Items listed in a dataset:
◆ ◆ ◆ ◆ ◆ ◆ ◆
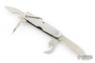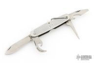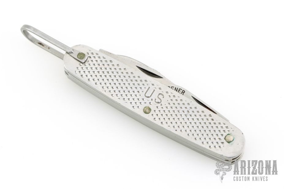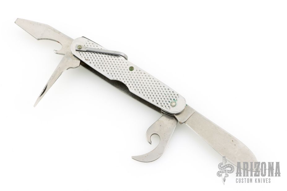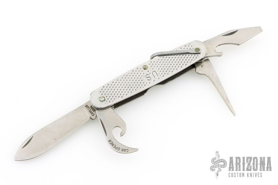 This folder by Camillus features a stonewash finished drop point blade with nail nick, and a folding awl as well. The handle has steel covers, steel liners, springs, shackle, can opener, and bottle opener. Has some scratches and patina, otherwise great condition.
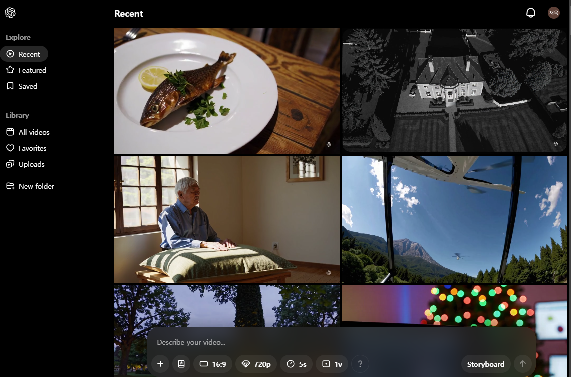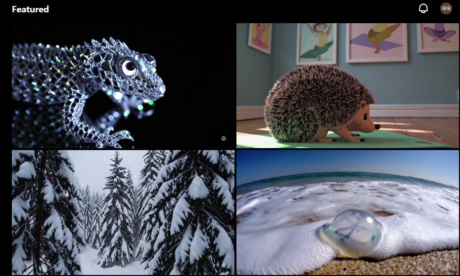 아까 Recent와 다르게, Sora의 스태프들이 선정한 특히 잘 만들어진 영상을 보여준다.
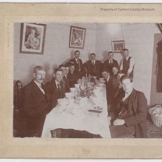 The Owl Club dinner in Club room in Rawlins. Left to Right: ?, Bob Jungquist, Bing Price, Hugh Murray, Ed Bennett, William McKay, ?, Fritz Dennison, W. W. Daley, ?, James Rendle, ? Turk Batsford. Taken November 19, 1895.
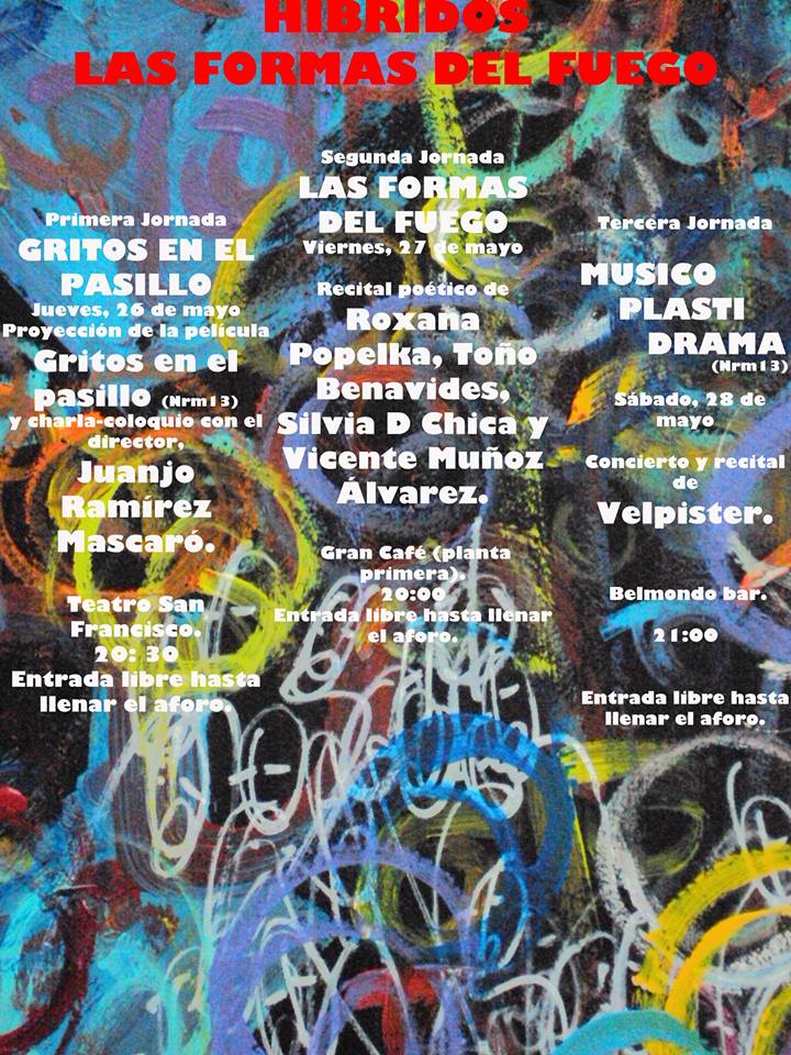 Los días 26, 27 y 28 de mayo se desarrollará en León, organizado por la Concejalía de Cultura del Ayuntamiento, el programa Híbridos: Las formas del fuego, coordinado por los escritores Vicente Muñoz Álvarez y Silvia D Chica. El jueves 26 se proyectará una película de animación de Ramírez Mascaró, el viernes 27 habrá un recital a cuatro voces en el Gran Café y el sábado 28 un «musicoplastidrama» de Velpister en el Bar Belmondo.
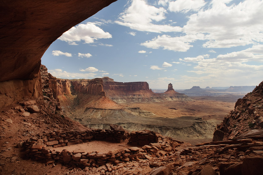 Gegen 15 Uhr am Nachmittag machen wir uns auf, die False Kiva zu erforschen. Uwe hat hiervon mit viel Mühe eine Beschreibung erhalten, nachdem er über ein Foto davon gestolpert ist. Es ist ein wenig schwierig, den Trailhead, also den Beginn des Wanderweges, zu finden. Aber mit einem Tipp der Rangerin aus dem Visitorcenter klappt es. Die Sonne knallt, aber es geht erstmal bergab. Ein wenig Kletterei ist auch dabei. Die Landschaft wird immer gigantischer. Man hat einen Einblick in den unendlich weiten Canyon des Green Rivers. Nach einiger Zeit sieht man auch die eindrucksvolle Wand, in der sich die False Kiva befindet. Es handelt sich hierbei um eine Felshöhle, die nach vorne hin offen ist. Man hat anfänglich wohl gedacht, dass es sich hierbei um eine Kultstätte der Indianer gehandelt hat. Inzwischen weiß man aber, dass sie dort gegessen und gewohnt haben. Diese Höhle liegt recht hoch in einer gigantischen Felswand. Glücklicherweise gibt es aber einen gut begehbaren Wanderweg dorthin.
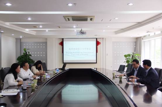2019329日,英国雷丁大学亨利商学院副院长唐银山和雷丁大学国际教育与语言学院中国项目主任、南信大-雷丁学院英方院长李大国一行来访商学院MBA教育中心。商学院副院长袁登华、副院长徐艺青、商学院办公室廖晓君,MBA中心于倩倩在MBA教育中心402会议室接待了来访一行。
◆ ◆ ◆ ◆ ◆ ◆ ◆
Assignment: Your task is to set down each line above verbatim while excluding the pictures.

Written answer:
 This folder by Camillus features a stonewash finished drop point blade with nail nick, and a folding awl as well. The handle has steel covers, steel liners, springs, shackle, can opener, and bottle opener. Has some scratches and patina, otherwise great condition.
 아까 Recent와 다르게, Sora의 스태프들이 선정한 특히 잘 만들어진 영상을 보여준다.
 The Owl Club dinner in Club room in Rawlins. Left to Right: ?, Bob Jungquist, Bing Price, Hugh Murray, Ed Bennett, William McKay, ?, Fritz Dennison, W. W. Daley, ?, James Rendle, ? Turk Batsford. Taken November 19, 1895.
 Los días 26, 27 y 28 de mayo se desarrollará en León, organizado por la Concejalía de Cultura del Ayuntamiento, el programa Híbridos: Las formas del fuego, coordinado por los escritores Vicente Muñoz Álvarez y Silvia D Chica. El jueves 26 se proyectará una película de animación de Ramírez Mascaró, el viernes 27 habrá un recital a cuatro voces en el Gran Café y el sábado 28 un «musicoplastidrama» de Velpister en el Bar Belmondo.
 Gegen 15 Uhr am Nachmittag machen wir uns auf, die False Kiva zu erforschen. Uwe hat hiervon mit viel Mühe eine Beschreibung erhalten, nachdem er über ein Foto davon gestolpert ist. Es ist ein wenig schwierig, den Trailhead, also den Beginn des Wanderweges, zu finden. Aber mit einem Tipp der Rangerin aus dem Visitorcenter klappt es. Die Sonne knallt, aber es geht erstmal bergab. Ein wenig Kletterei ist auch dabei. Die Landschaft wird immer gigantischer. Man hat einen Einblick in den unendlich weiten Canyon des Green Rivers. Nach einiger Zeit sieht man auch die eindrucksvolle Wand, in der sich die False Kiva befindet. Es handelt sich hierbei um eine Felshöhle, die nach vorne hin offen ist. Man hat anfänglich wohl gedacht, dass es sich hierbei um eine Kultstätte der Indianer gehandelt hat. Inzwischen weiß man aber, dass sie dort gegessen und gewohnt haben. Diese Höhle liegt recht hoch in einer gigantischen Felswand. Glücklicherweise gibt es aber einen gut begehbaren Wanderweg dorthin.
2019329日,英国雷丁大学亨利商学院副院长唐银山和雷丁大学国际教育与语言学院中国项目主任、南信大-雷丁学院英方院长李大国一行来访商学院MBA教育中心。商学院副院长袁登华、副院长徐艺青、商学院办公室廖晓君,MBA中心于倩倩在MBA教育中心402会议室接待了来访一行。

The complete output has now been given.